Further changes to the NEPA review process are likely. For example, President Biden's Climate Science Executive Order, issued on January 27, 2021, directs the White House Council on Environmental Quality (CEQ) to rescind draft guidance issued on June 26, 2019 (Draft National Environmental Policy Act Guidance on Consideration of Greenhouse Gas Emissions) that would have limited the scope of the required analysis for greenhouse gas emissions and climate change impacts in the NEPA review process. The executive order instructs CEQ to revert to guidance issued in August 2016 (Final Guidance for Federal Departments and Agencies on Consideration of Greenhouse Gas Emissions and the Effects of Climate Change in National Environmental Policy Act Reviews) and "review, revise, and update" the August 2016 guidance. The 2016 guidance recommends that agencies use a more expansive approach to quantifying and assessing greenhouse gas emissions and climate change impacts. CEQ is expected to issue new draft guidance regarding the assessment of greenhouse gas emissions under NEPA.

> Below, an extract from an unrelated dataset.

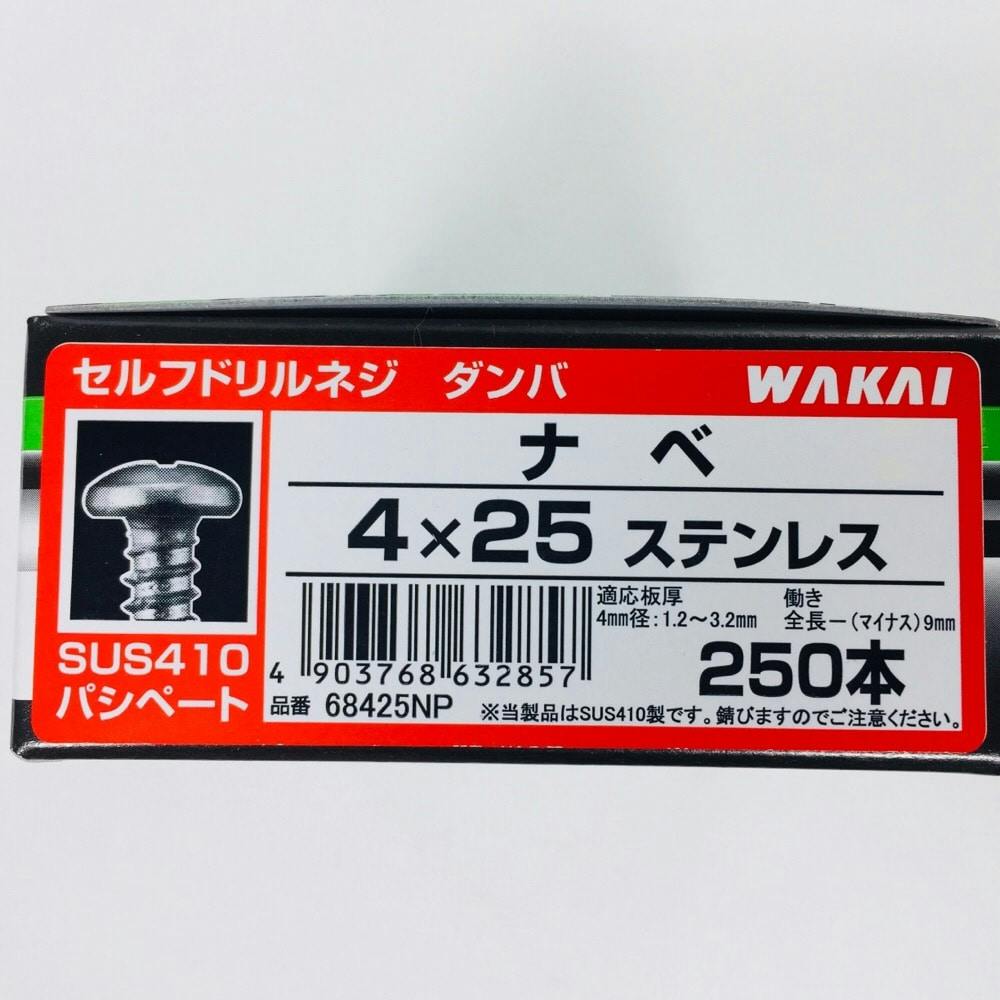 WAKAI セルフドリルネジ ダンバ コンパクトボックス ナベ ペパシート ステンレス 4×25mm 250本入

In addition, on April 16, 2021, the Secretary of Interior issued an order establishing a climate change task force to coordinate efforts including promoting renewable energy development on federal lands and waters, and directing agencies to maintain robust environmental reviews under NEPA, including in their consideration of greenhouse gas emissions and climate change impacts (e.g., by "using appropriate tools, methodologies, and resources available to quantify [greenhouse gas] emissions and compare [greenhouse gas] quantities across alternatives").

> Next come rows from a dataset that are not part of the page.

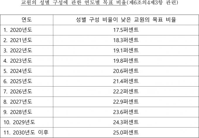 이에 따라 교육부는 이번 교육공무원임용령 개정으로 교원의 성별 구성에 관한 연도별 목표 비율을 구체적으로 정했다.
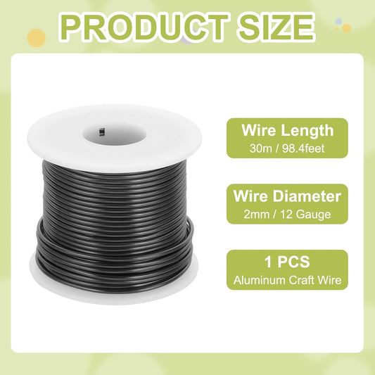 MECCANIXITY 12 Gauge Anodized Aluminum Craft Wire Bendable Bonsai Training Wire 98 Feet 2mm for Sculpting Crafts Wreath Floral Beading Jewelry Making, Black
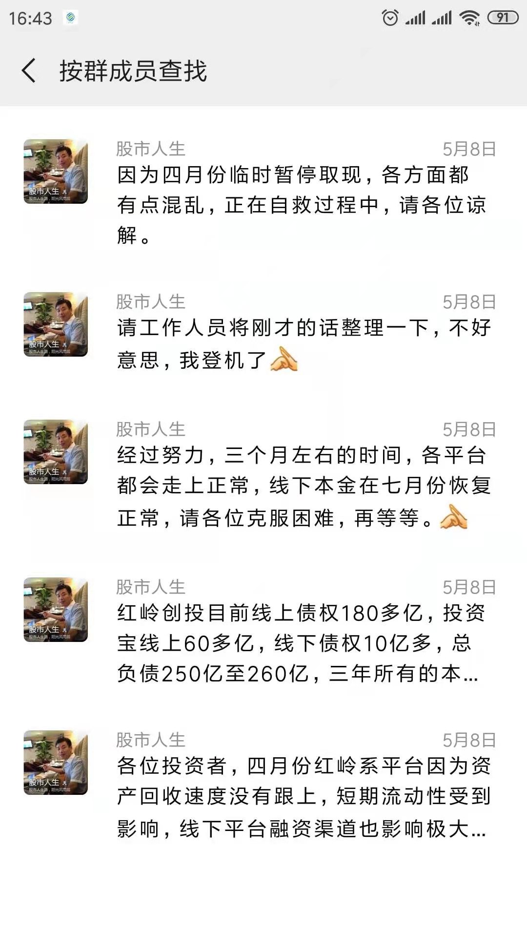 根据上述红岭资本核心出借人提供的群聊天截图显示,2019年5月,周世平在红岭资本官方微信群中表示,“线下债券只是流动性管理产品,资产质量不影响大家的债权回收。”周世平在当时的群聊中表示,红岭目前的问题主要是流动性管理问题。

Over the past decade, project proponents in the US have routinely commissioned surveys to assess how onshore wind projects impact bird and bat species and their habitats, and they have developed species and habitat conservation plans that are aligned with guidance issued by the federal government. More recently, US offshore wind proponents have begun to follow suit.

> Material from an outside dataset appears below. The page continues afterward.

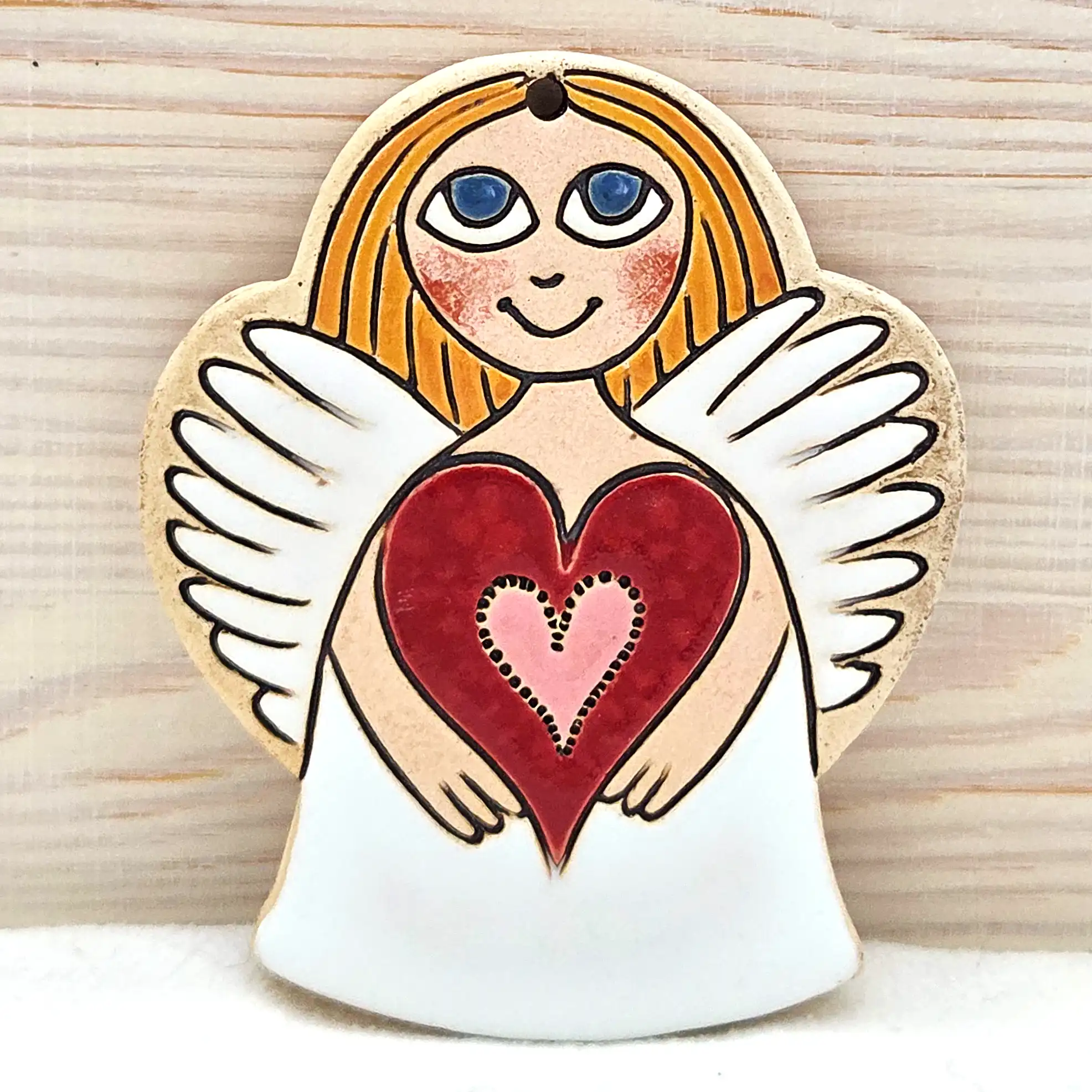 Hledáte jedinečnou bytovou dekoraci nebo originální dárek od českého autora? Tento keramický výrobek je výsledkem pečlivé ruční práce výtvarnice Helenky Buko Kubíčkové. Každý kus je originál, přímo z dílny české autorky. Tento kousek je ideální pro každého, kdo hledá nepřehlédnutelný symbol lásky a domova.

Project proponents typically take these steps to avoid liability under the following federal wildlife laws related to avian species: the Migratory Bird Treaty Act (MBTA); the Bald and Golden Eagle Protection Act (BGEPA); and the Endangered Species Act (ESA), which protects species and habitats designated as endangered or threatened by the Fish and Wildlife Service (FWS).
These laws generally prohibit the unauthorized "take" of listed bird or bat species. The term "take" means to harass, harm, pursue, hunt, shoot, wound, kill, trap, capture or collect, or attempt to engage in any such conduct. For example, if a protected bird is harmed in a collision with a wind farm turbine, the wind farm operator could be subject to liability under one of these laws. However, FWS may allow a wind energy project an ”incidental take“ of an endangered or threatened species by issuing an incidental take permit. Wind project proponents often obtain these permits to protect themselves from future liability.
Prudent wind project developers frequently work with federal regulators during a project’s pre-construction and construction phases to try to obtain a determination that the project is unlikely to affect any listed or endangered species or critical habitat, and that no permits are needed under the MBTA, ESA, BGEPA or similar federal laws. This type of determination protects against claims for injunctions by private plaintiffs and reduces the likelihood that federal agencies will pursue enforcement actions in the event of a ”take“ of a listed species in connection with a wind project.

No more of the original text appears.